— WORK INSTRUCTION —
Copy the data that follows exactly as it is, excluding all pictures.

— INFORMATION SUPPLIED —

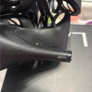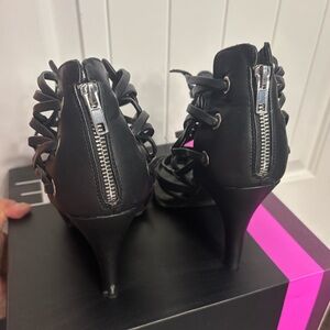 Sophisticated black cage strap heels by Lane Bryant. Perfect for a stylish look.
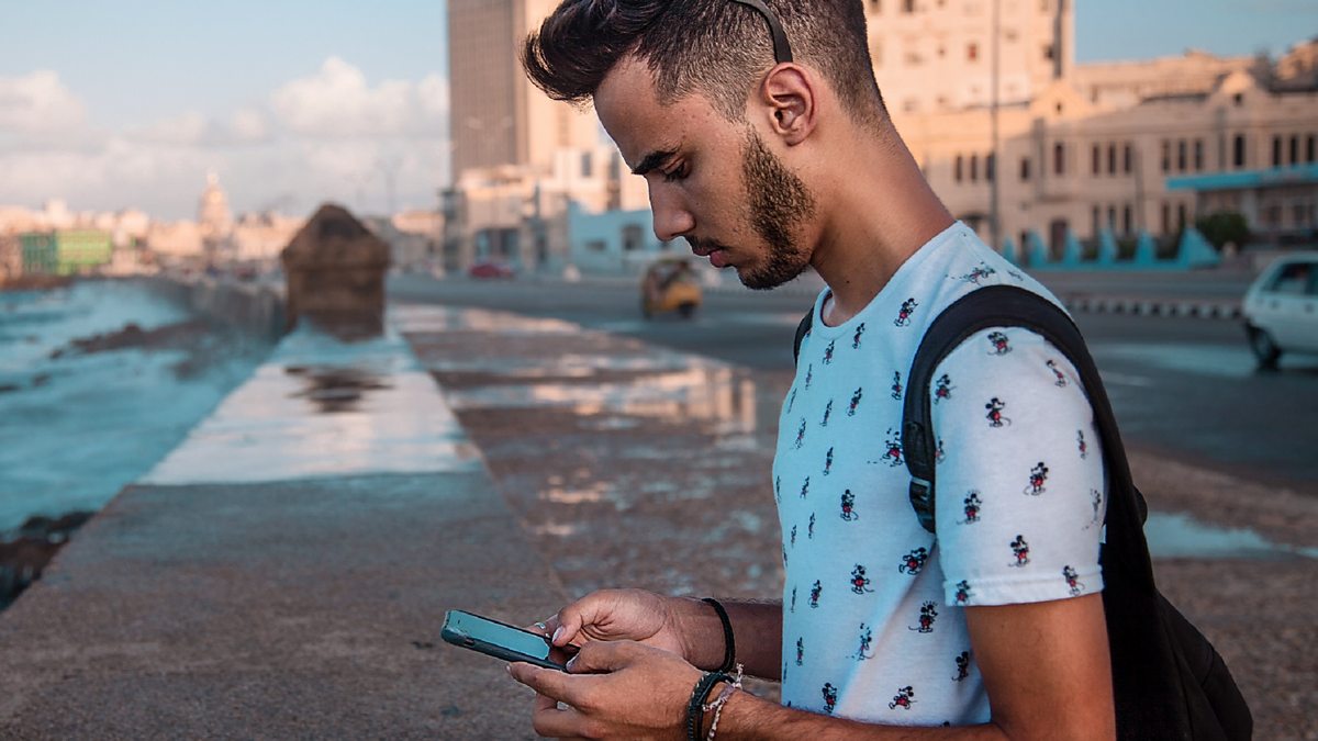 Photo: A young Cuban standing by the waterfront in Havana accesses the internet on his phone.
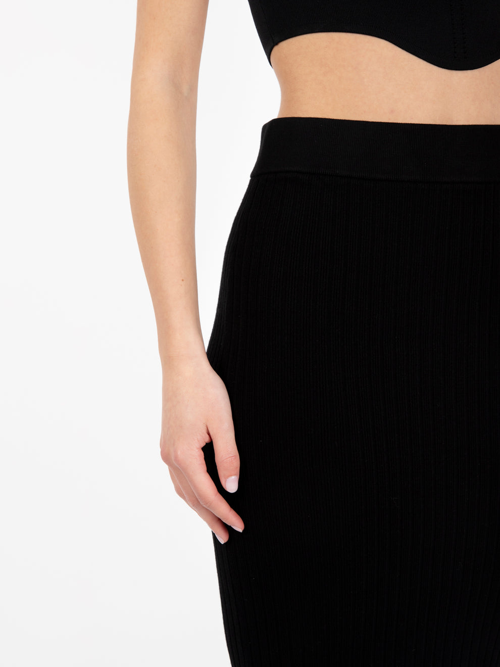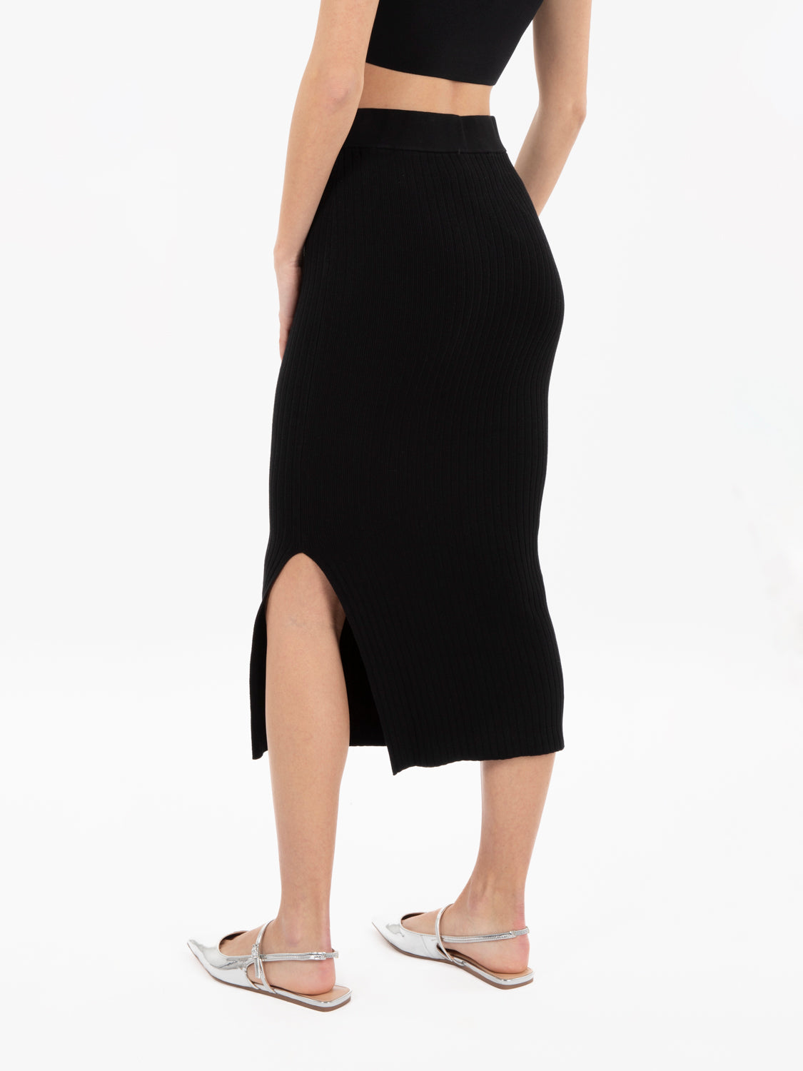 Solotre Black ribbed midi skirt

— EXERCISE SOLUTION —
 Sophisticated black cage strap heels by Lane Bryant. Perfect for a stylish look.
 Photo: A young Cuban standing by the waterfront in Havana accesses the internet on his phone.
 Solotre Black ribbed midi skirt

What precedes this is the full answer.